Gradient Descent: High Learning Rates & Divergence


We’ve explored gradient descent, but we haven’t talked about learning rates, and how these hyperparameters are the key differentiators between convergence, and divergence.

More specifically, let’s visually explore what happens when we set our learning rate to be too high, and talk about strategies to avoid divergence.

The Code

As a refresher, in our example we are trying to minimize the Mean Squared Error (MSE) with gradient descent, by choosing ideal values for (\(a, b\)). Details can be found in the previous post on the gradient

import numpy as np
# I've experimented w/ Python3.6 unicode symbols in this snippet
def gradient_descent_mse(x_vec, y_vec):    
    n = len(x_vec)   
    # Define Partials & Objective Function (MSE)
    def J(a, b):    
       return np.sum(((a * x_vec + b) - y_vec) ** 2 / n)
    def dJ_db(a, b):    
       return np.sum((a * x_vec + b) - y_vec) / n
    def dJ_da(a, b): 
       return np.sum(x_vec * ((a * x_vec + b) - y_vec)) / n    
    # Initialize our weights
    a = 250    
    b = 250000                                                                   
    Δj = np.Infinity    
    j = J(a, b)
    # Convergence Conditions
    δ = 1    
    max_iterations = 150
    # Learning Rates ()
    ŋ_b = .15
    ŋ_a = .00000005
    i = 0
    while abs(Δj) > δ and i < max_iterations:                                       
        i += 1                  
        # Find the gradient at the point (a, b)
        grad = [dJ_da(a, b), dJ_db(a, b)]
        # Multiply each partial deriv by its learning rate 
        Δa = grad[0] * -ŋ_a    
        Δb = grad[1] * -ŋ_b    
        # Update our weights                              
        a += Δa                                                            
        b += Δb    
        # Update the error at each iteration    
        j_new = J(a, b)    
        Δj = j - j_new    
        j = j_new 
    print("y = {0}x + {1}".format(str(a), str(b)))

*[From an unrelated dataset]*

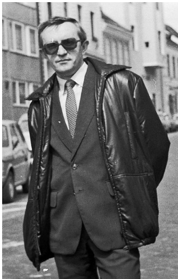
Archiwum Janusza Wrony

Zainteresowania badawcze Profesora koncentrowały się wokół trzech głównych tematów. Pierwszym z nich była kwestia polska w ujęciu polityki austro-węgierskiej w okresie I wojny światowej. Badania te zaowocowały publikacją cenionych monografii: Królestwo Polskie pod okupacją austriacką 1914–1918 (1980), Królestwo Polskie wobec monarchii austrowęgierskiej w latach 1914–1918 (1983) oraz Królestwo Polskie wobec Austro-Węgier: 1914–1918 (1986). Drugi obszar jego zainteresowań stanowi-
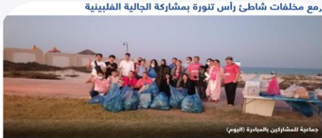
مع مخلفات شاطئ رأس تنورة بمشاركة الجالية الفلبينية وأصليت بلدية رأس تنورة أعمالها ضمن برنامج إطاعة في مبادرة «الشرفية نظيفة» للشهر الجاري عن طريق شاطئ رأس تنورة تحت شعار «شركل - كيمكل - علف - ديركل» ومبادرات «هدفنا» بمشاركة الجالية الفلبينية والمطبخين. وكثفت البلدية أعمال الرقابة العامة بالمحافظة، بتنفيذ جولات رقابية تفقيسية على مساكن ومخيمات التجمعات والسوق المركزية والمطاعم للتأكد من تطبيق الاشتراطات والقوانين والتدابير الوقائية للحد من انتشار فيروس كورونا

Plotting our Gradient Descent

When we plot the iterations of our gradient descent algorithm with the above learning rates, we see that we are guided in the right direction by gradient descent:

Gradient Descent: Good Learning Rates

Let’s now see what happens if we bump up the learning rate of our variable \(a\) by a factor of ~10

    ŋ_b = .15
    #ŋ_a =.00000005
    ŋ_a = .000000575

Gradient Descent: Learning Rates that are too high

Huh? What happened here? Our z-axis has a range of \([0…8e+42]\); many magnitudes greater than our “good” graph, causing our “objective function surface” to disappear into oblivion. Additionally, our error is increasing with every iteration!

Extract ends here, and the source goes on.